Kurama: just don't make up stories about me to complete strangers until dawn and in doing so convince yourself it's true...
Hiei- Hey camera guy. This guy right here once installed carpet into these one people's kitchen while they were on vacation. I know. I think he might be a little crazy... Hey, why does that camera man not have any hands or legs or a head?
Kurama: *grabs Hiei, drags him offstage* shows over, people...
Hiei- I was having fun. Are we going to that pizza place again?
Kurama: no, I'm just going to keep dragging you until we're out of the way of the camera, and then out of the building
Hiei- Aww... But you left your lifetime supply of hair spray and cheese slices.
Kurama: I didn't want them... and you drank all the spray, remember?

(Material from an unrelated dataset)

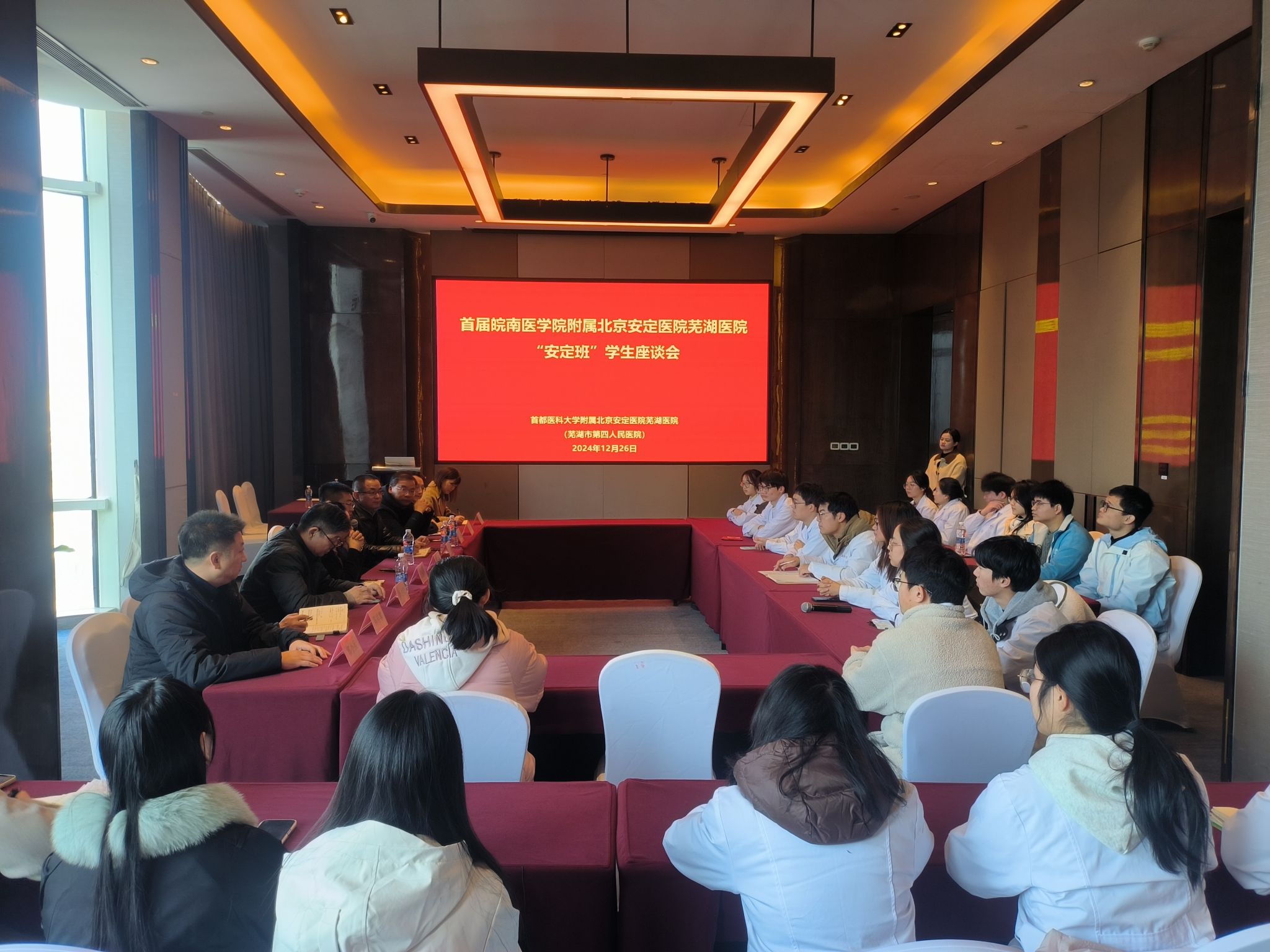 中午,公司联合芜湖市第四人民医院召开“安定班”师生座谈会。公司副经理文育锋,教务处、beats365相关人员,芜湖市第四人民医公司党政领导,北京安定医院芜湖医院派驻院领导参加会议。会议邀请首都医科大学附属北京安定医院经理王刚为同学们答疑解惑。

Hiei- That doesn't make any sense. How could I drink a life time of hair spray? That isn't a very long lifetime.
Kurama: just let me get you out of the studio...
Hiei- And then we'll stop at the drug store?
Kurama: no, we're not going anywhere... *mangaes to drag Hiei out door, ratings for "Crack The Walnut" skyrocket, and then drop, because all of it "fans" first saw it on it's wackiest night*
And the poor host goes on to make even worse game shows.